- Title: Professor (Law)

Academic background
- Alma mater: University of Nottingham
- Thesis: The standard of the best interests of the child as a tradition of Western inconsistencies (1999)

Academic work
- Main interests: Children's rights law, international human rights

= Claire Breen =

Human rights law academic

Claire M. Breen is a New Zealand law academic, and as of 2021 is a full professor at the University of Waikato. Her work focuses on children's legal rights, international human rights and international peace and security.

== Academic career ==

Breen has a Bachelor of Civil Law from University College Cork, and an LLM (International Law) from the University of Nottingham. After a PhD titled The standard of the best interests of the child as a tradition of Western inconsistencies at the University of Nottingham in 1999, Breen moved to the University of Waikato, rising to full professor in 2019.

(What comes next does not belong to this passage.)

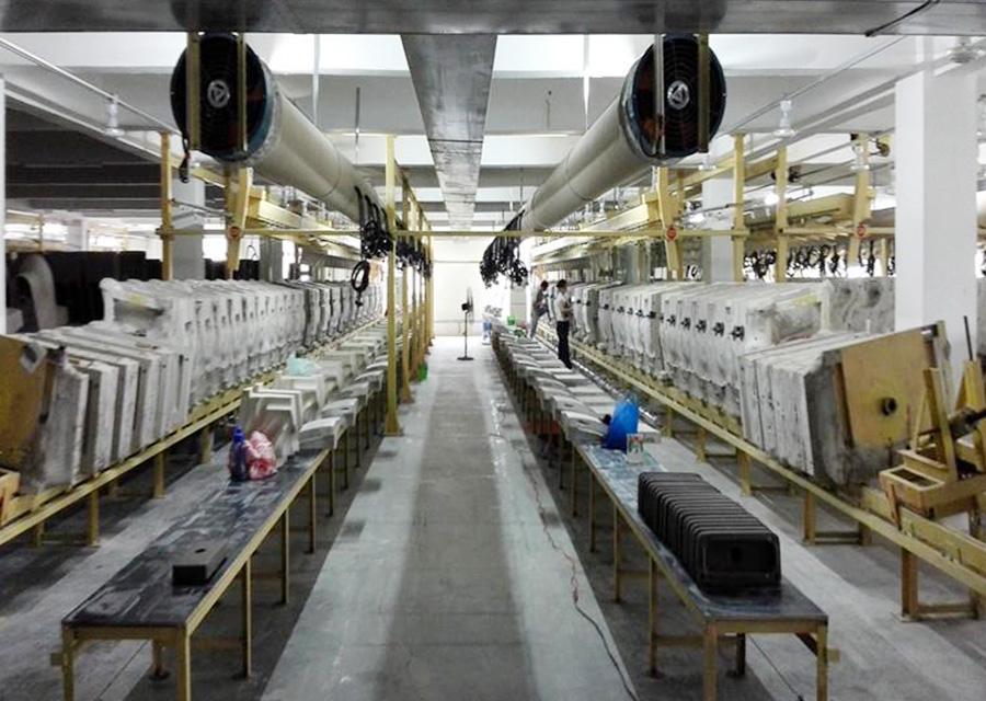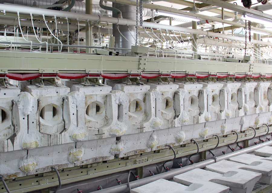 整体起吊成型线适用于连体、分体、水箱产品的注浆成型,具备底模一次性提升,自动注浆,压缩空气脱模,气动翻坯等功能。整体起吊浇注线采用石膏模具,具备自动注浆、吸浆、固化等功能,适用于复杂产品结构及小批量生产,确保产品的坯体厚度和功能稳定合格。
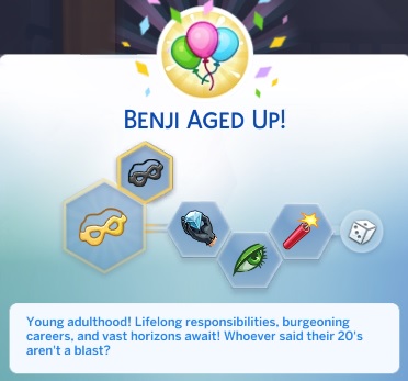 More info for those interested: here are the age-up cards for all teens that aged up with Benji in the world. First: the Kleptos:

Breen's research focuses on the rights of the child, and in particular how 'a more inclusive understanding' of children can create a better legal framework for law and policy. She has published two influential monographs on child rights, The Standard of the Best Interests of the Child (Martinus Nijhoff, 2003) and Age Discrimination and Children’s Rights (Martinus Nijhoff, 2006), and another on socio-economic influences on international peace, Economic and Social Rights and the Maintenance of International Peace and Security (Routledge, 2017). Breen and colleague Alexander Gillespie published a history of New Zealand law in 2022.

Recent articles by Breen cover a range of issues, including how New Zealand should deal with the return of an alleged ISIS terrorist to New Zealand, with reference to the rights of the two children involved, access to beaches for some disabled people, and how the ACC system discriminates against women by not covering birth injuries.